Tag: M.W:200-300

Synthetic Route of 152460-10-1, The major producers of chemicals have been the Europe, Japan and China. Due to the growing call for a cleaner, greener environment, people will have to find innovative ways to maintain their relevance. Here is a compound 152460-10-1, name is N-(5-Amino-2-methylphenyl)-4-(3-pyridyl)-2-pyrimidineamine. This compound has unique chemical properties. The synthetic route is as follows.

General procedure: The final target compounds were synthesized from 6-methyl-N-(4-(pyridin-3-yl) pyrimidin-2-yl) benzene-1,3-diamine 8(2 mmol), DMF (10 mL), and DIPEA (4 mmol) followed by substituted aromatic acid (2 mmol) was added and stirred at room temperature for 1 h. After completion of the reaction mixture was poured into ice-cold water. The obtained yellow precipitate washed with water and dried to get target titled product pyrimidine scaffold benzamide derivatives (9 a-k).

While traditionally a conservative industry, chemical producers will need to modernize their PR strategies to stay relevant.we look forward to future research findings about 152460-10-1, N-(5-Amino-2-methylphenyl)-4-(3-pyridyl)-2-pyrimidineamine.

Reference:
Article; Thirumurugan; Lakshmanan, Sivalingam; Govindaraj, Dharman; Daniel Prabu, D. Sam; Ramalakshmi; Arul Antony; Journal of Molecular Structure; vol. 1171; (2018); p. 541 – 550;,
Pyridine – Wikipedia,
Pyridine | C5H5N – PubChem

Synthetic Route of 215364-85-5, As we all know, there are many different methods for the synthesis of a compound, and people can choose the synthesis method that suits their own laboratory according to the actual situation. 215364-85-5, name is 3-Bromo-2-chloropyridin-4-amine, molecular formula is C5H4BrClN2, The compound is widely used in many fields, so it is necessary to find a new synthetic route. The downstream synthesis method of this compound is introduced below.

A 2 L 3 neck RBF was charged with 3-bromo-2-chloro-4-amino-pyridine (50.0 g, 241 mmol) in concentrated H2SO4 (36 mL) at 0 C. open to air. KNO3 (48.7 g, 482 mmol) was then added. The solution was allowed to first warm to room temperature (rt) for 1 h and then was heated to 90 C. for 3 h. The reaction mixture was cooled to rt and was poured into ice water. The obtained solids were filtered and washed with water. After drying under vacuum overnight 3-bromo-2-chloro-5-nitropyridin-4-amine was obtained as an orange-yellow solid (49 g, 81%). This was used directly without further purification.
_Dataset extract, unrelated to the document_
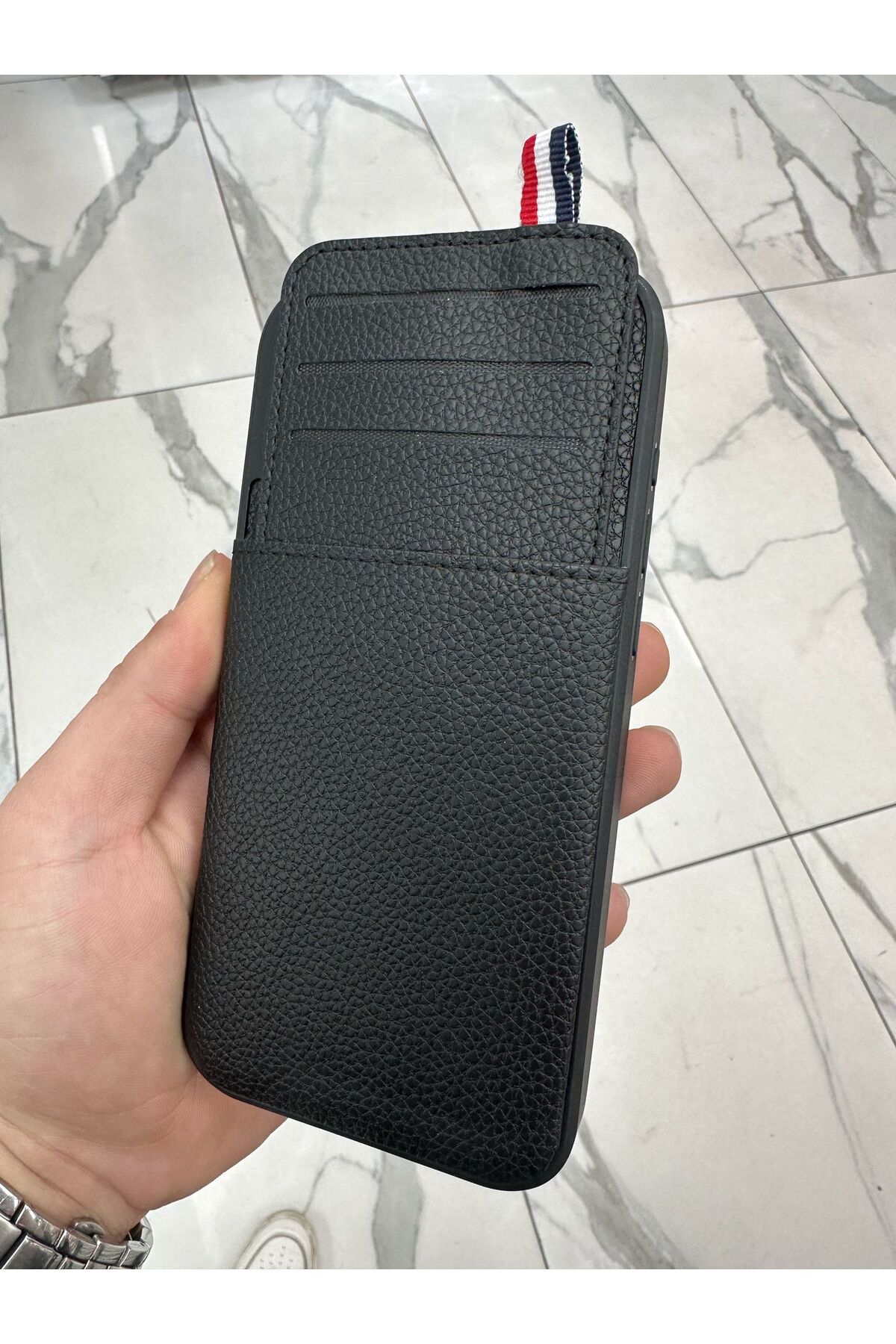 Bilişim Akademi iPhone 16 Pro Uyumlu Deri Kılıf Kartlıklı Kılıf Arkası Cüzdanlı Kılıf Kart Koymalı Kılıf Siyah

According to the analysis of related databases, 215364-85-5, the application of this compound in the production field has become more and more popular.

Reference:
Patent; Universal Display Corporation; Layek, Suman; Ji, Zhiqiang; Dyatkin, Alexey Borisovich; Boudreault, Pierre-Luc T.; Tsai, Jui-Yi; (251 pag.)US2019/393431; (2019); A1;,
Pyridine – Wikipedia,
Pyridine | C5H5N – PubChem

Synthetic Route of 893423-62-6 , The common heterocyclic compound, 893423-62-6, name is tert-Butyl (2-chloro-3-formylpyridin-4-yl)carbamate, molecular formula is C11H13ClN2O3, its traditional synthetic route has been very mature, but the traditional synthetic route has various shortcomings, such as complicated route, low yield, poor purity, etc., below Introduce a new synthetic route.

To a solution of tert-butyl (2-chloro-3-formyl-4-pyridinyl)carbamate (1-5) (10 g,39 mmol) and DBU (12 niL, 78 mmol) in THF (130 mL) was added phenylacethyl chloride (5.7 mL, 43 mmol) at 00C. The reaction was allowed to slowly warm to room temperature for overnight. The solvent was removed under reduced pressure, and the residue was diluted with EtOAc, washed with IN HCl, dried (MgSO4), filtered, and concentrated under reduced pressure. The residue was purified by column chromatography on silica gel to give tert-butyl 5-chloro-2- oxo-3-phenyl-l,6-naphthyridine-l(2H)-carbamate (62-1) as a colorless solid.

The synthetic route of 893423-62-6 has been constantly updated, and we look forward to future research findings.

Reference:
Patent; MERCK SHARP &; DOHME CORP.; BANYU PHARMACEUTICAL CO., LTD.; ARMSTRONG, Donna, J.; GOTO, Yasuhiro; HASHIHAYATA, Takashi; KATO, Tetsuya; KELLY, Michael, J., III; LAYTON, Mark, E.; LINDSLEY, Craig, W.; OGINO, Yoshio; ONOZAKI, Yu; RODZINAK, Kevin, J.; ROSSI, Michael, A.; SANDERSON, Philip, E.; WANG, Jiabing; YAROSCHAK, Melissa, M.; WO2010/88177; (2010); A1;,
Pyridine – Wikipedia,
Pyridine | C5H5N – PubChem

Related Products of 63897-12-1 ,Some common heterocyclic compound, 63897-12-1, molecular formula is C6H4Cl2N2O2, its traditional synthetic route has been very mature, but the traditional synthetic route has various shortcomings, such as complicated route, low yield, poor purity, etc., below Introduce a new synthetic route.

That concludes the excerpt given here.